* TASK TO COMPLETE: The reply should be an exact repeat of the listing, with no pictures in it.

* AVAILABLE DATA:
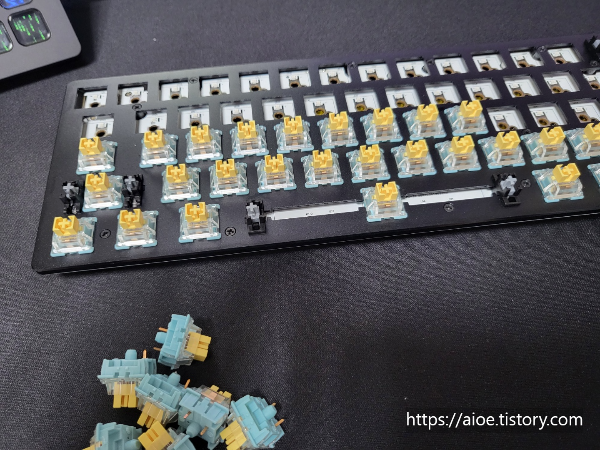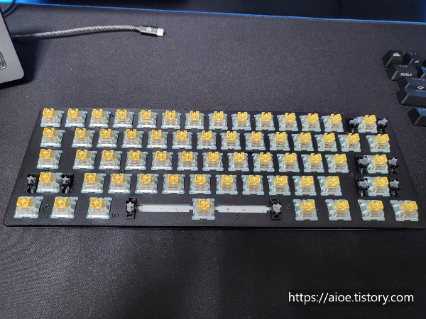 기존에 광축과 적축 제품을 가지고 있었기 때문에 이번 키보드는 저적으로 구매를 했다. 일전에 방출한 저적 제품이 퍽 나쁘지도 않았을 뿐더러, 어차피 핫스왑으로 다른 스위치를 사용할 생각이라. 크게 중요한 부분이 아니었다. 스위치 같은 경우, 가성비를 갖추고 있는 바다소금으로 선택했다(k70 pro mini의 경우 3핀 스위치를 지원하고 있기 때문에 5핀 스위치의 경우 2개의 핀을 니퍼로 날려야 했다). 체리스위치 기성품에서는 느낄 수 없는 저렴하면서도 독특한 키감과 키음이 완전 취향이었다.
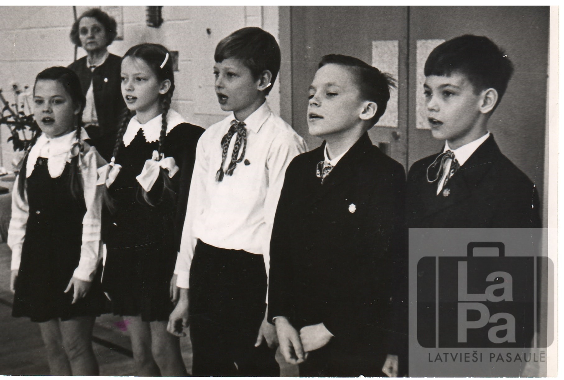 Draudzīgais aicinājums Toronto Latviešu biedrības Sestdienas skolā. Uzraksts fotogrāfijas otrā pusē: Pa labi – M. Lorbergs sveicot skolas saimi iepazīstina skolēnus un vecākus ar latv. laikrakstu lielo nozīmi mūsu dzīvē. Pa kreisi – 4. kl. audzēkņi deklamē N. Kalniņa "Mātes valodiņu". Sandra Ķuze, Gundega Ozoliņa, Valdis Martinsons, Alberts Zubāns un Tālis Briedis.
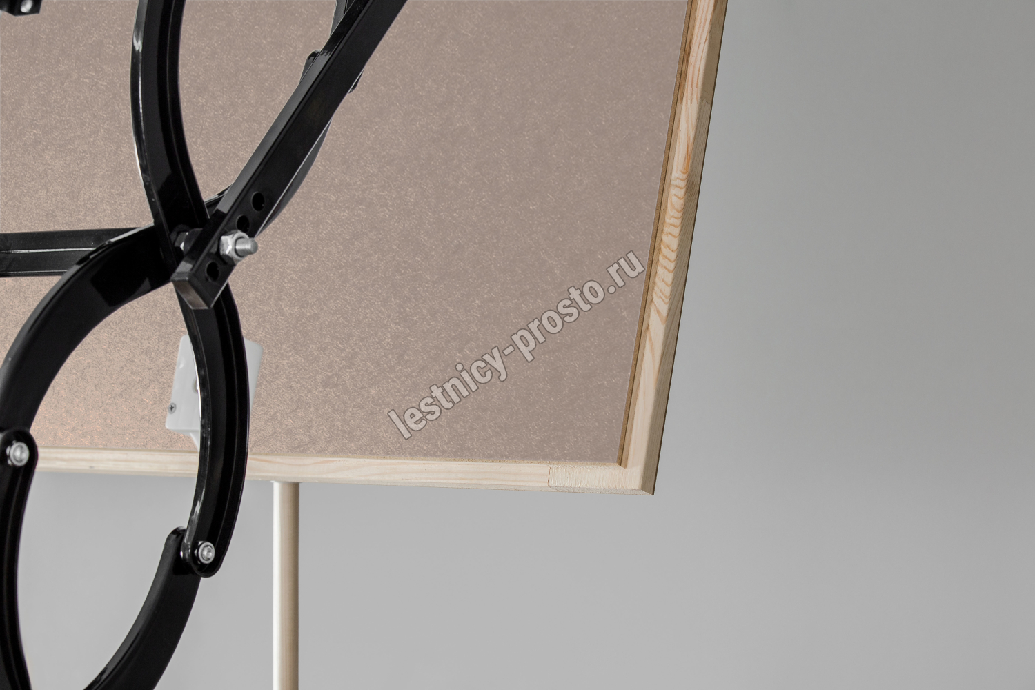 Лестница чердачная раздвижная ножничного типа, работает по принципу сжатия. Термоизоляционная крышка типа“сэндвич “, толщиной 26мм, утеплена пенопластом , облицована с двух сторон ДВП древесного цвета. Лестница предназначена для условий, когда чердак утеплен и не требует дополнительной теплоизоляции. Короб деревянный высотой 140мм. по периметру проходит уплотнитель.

* WRITTEN RESPONSE:
 기존에 광축과 적축 제품을 가지고 있었기 때문에 이번 키보드는 저적으로 구매를 했다. 일전에 방출한 저적 제품이 퍽 나쁘지도 않았을 뿐더러, 어차피 핫스왑으로 다른 스위치를 사용할 생각이라. 크게 중요한 부분이 아니었다. 스위치 같은 경우, 가성비를 갖추고 있는 바다소금으로 선택했다(k70 pro mini의 경우 3핀 스위치를 지원하고 있기 때문에 5핀 스위치의 경우 2개의 핀을 니퍼로 날려야 했다). 체리스위치 기성품에서는 느낄 수 없는 저렴하면서도 독특한 키감과 키음이 완전 취향이었다.
 Draudzīgais aicinājums Toronto Latviešu biedrības Sestdienas skolā. Uzraksts fotogrāfijas otrā pusē: Pa labi – M. Lorbergs sveicot skolas saimi iepazīstina skolēnus un vecākus ar latv. laikrakstu lielo nozīmi mūsu dzīvē. Pa kreisi – 4. kl. audzēkņi deklamē N. Kalniņa "Mātes valodiņu". Sandra Ķuze, Gundega Ozoliņa, Valdis Martinsons, Alberts Zubāns un Tālis Briedis.
 Лестница чердачная раздвижная ножничного типа, работает по принципу сжатия. Термоизоляционная крышка типа“сэндвич “, толщиной 26мм, утеплена пенопластом , облицована с двух сторон ДВП древесного цвета. Лестница предназначена для условий, когда чердак утеплен и не требует дополнительной теплоизоляции. Короб деревянный высотой 140мм. по периметру проходит уплотнитель.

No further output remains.